Мой сосед заканчивал заочную аспирантуру, он назвал мне свою статью, опубликованную в Москве. За что его взяли? Он был в ссоре с секретарем парткома и имел неосторожность воздержаться от голосования, когда коллективу предложили решительно осудить очередного "врага народа", свежеразоблаченного директора школы. Так историк попал в разряд пособников. Историку предоставили достаточно времени, десять лет, на размышления о пользе единогласия. Лежа рядом на бетонном полу — нар в этой камере не было — мы часами беседовали. О чем? О чем угодно, кроме политики. Коллеги, товарищи по несчастью, мы боялись не только соседей, боялись друг друга.
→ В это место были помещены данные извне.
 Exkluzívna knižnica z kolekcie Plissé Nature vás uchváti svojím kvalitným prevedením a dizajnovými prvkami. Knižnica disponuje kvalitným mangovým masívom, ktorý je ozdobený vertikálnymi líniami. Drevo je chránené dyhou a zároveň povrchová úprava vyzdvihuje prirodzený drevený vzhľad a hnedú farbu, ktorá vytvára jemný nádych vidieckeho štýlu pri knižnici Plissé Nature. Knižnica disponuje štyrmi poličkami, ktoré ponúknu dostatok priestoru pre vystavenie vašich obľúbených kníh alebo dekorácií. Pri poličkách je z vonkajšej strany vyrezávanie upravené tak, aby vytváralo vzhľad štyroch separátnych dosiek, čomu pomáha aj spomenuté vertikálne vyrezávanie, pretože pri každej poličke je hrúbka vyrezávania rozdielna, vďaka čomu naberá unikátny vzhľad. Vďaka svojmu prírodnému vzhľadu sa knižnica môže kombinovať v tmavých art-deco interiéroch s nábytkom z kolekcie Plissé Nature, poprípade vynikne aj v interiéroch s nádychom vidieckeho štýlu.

Военный разгром на западных границах явно отразился на поведении наших тюремщиков. Нет, они не сомневались в прочности советской власти. Вера в Вождя, в его непогрешимый гений, не поколебалась. Однако отступление Красной Армии, под каким бы соусом этот факт не подавали, было отступлением. Поговаривали о разгроме, но это слово попало под негласный запрет. Что-то изменилось в тюремной атмосфере с того часа, как Кремлевский Сиделец произнес по радио свою слезницу:

"Братья, сестры..." Вот когда Отец Иосиф вспомнил о народе и впервые подумал, что его подданные могут быть не только навозом, но и защитниками. Недоучившийся поп взывал к своей пастве, требуя очередной жертвы, которая могла стать наглядной.

...Небывалый случай: в камеру пришел сам начальник тюрьмы Саркисов.
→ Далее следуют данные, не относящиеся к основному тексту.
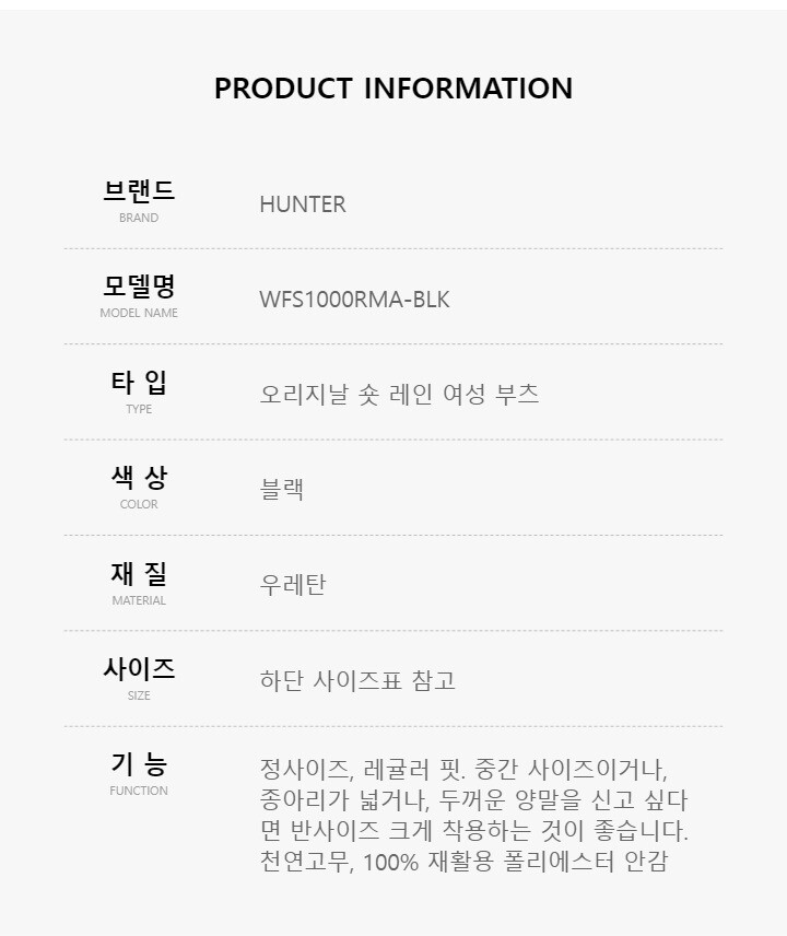 헌터 오리지널 쇼트 여성 레인부츠 블랙 WFS1000RMA-BLK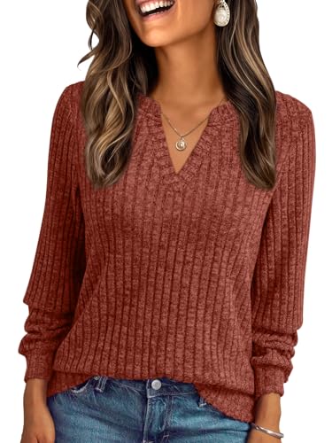 AUTOMET Womens V Neck Long Sleeve Shirts Casual Lightweight Tunic Sweaters Fall Fashion Tops Trendy Dressy Clothes 2025 Maple S

— Встать! — скомандовал староста. Начальник остановился в дверях, спросил:

— Жалобы есть?

— Когда на этап отправите?

Человек, задавший вопрос, стоял в гуще арестантов. Истомившиеся в ожидании перемен, они ожидали ответа.

— Скоро отправим. Еще вопросы?

Саркисов говорил с резким акцентом.

— Почему баланда такая жидкая? — крикнул кто-то сзади.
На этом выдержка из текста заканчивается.